Intervista allo scrittore Sean MacMalcom
Nome: Sean
Cognome: MacMalcom
Regione di residenza: Lombardia
Email: seanmacmalcom@yahoo.it
Intervista (03/09)
D) Ci racconti un po’ di lei e del suo approccio al mondo della scrittura
R) Salve a tutti.
Mi firmo come Sean MacMalcom e da oltre un anno sono autore della blog novel Midda’s Chronicles.
La mia opera, tuttora in corso di pubblicazione con cadenza quotidiana sul mio blog, nasce nel desiderio di ripercorrere le orme lasciate da grandi autori della letteratura mondiale, nel riproporre all’alba del terzo millennio quello che un tempo era definito con il termine feuilleton. Lo scorso 11 gennaio, felice per il risultato raggiunto, ho voluto festeggiare un anno di pubblicazioni online proponendo l’uscita di un primo volume cartaceo, Midda’s Chronicles – Il tempio nella palude (e altre storie), quale raccolta riveduta e corretta delle storie già proposte: ad esso, il prossimo 11 luglio, seguirà poi un secondo volume Midda’s Chronicles – Condannata (e altre storie).

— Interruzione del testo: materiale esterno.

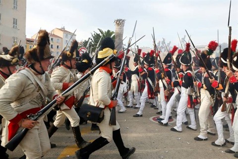 | Des comédiens en costumes d'époque rejouent une bataille napoléonienne, le 13 août à Ajaccio, en Corse. |

Il mio approccio, nei confronti della scrittura, penso che si possa definire senza falsa modestia come molto umile. Non ho pretese di sorta, non cerco di rivoluzionare il mondo a nessun livello con ciò che scrivo e, sinceramente, neppure mi importa di poter piacere ad eventuali lettori: semplicemente scrivo per il piacere di scrivere e se, nel fare questo, riesco anche a venire incontro all’approvazione di qualcuno, ovviamente, non posso che esserne felice.
D) Qual è stato il suo percorso di studi?
R) Nonostante la mia passione per le arti umanistiche, dilettandomi oltre nella scrittura anche nel disegno, ho seguito un percorso di studio completamente tecnico, con un diploma di ragioniere programmatore ed una laurea in ingegneria informatica.
D) Quando e perchè ha iniziato a scrivere?
R) Se ci si vuole riferire a quest’ultimo periodo, il mio impegno quotidiano con Midda’s Chronicles ha avuto inizio l’11 gennaio 2008, per puro diletto, per passatempo personale, senza neppure avere l’ambizione di continuare nel modo in cui, invece, sono riuscito a proseguire.
Se ci si vuole riferire ad un contesto più ampio, ho iniziato a scrivere narrativa da bambino, durante un periodo di influenza nel quale mi sono ritrovato costretto a letto con la macchina da scrivere di mia madre, una Valentine dell’Olivetti. Nulla di speciale, ma pur un inizio…
D) In termini umani, cosa significa per lei scrivere?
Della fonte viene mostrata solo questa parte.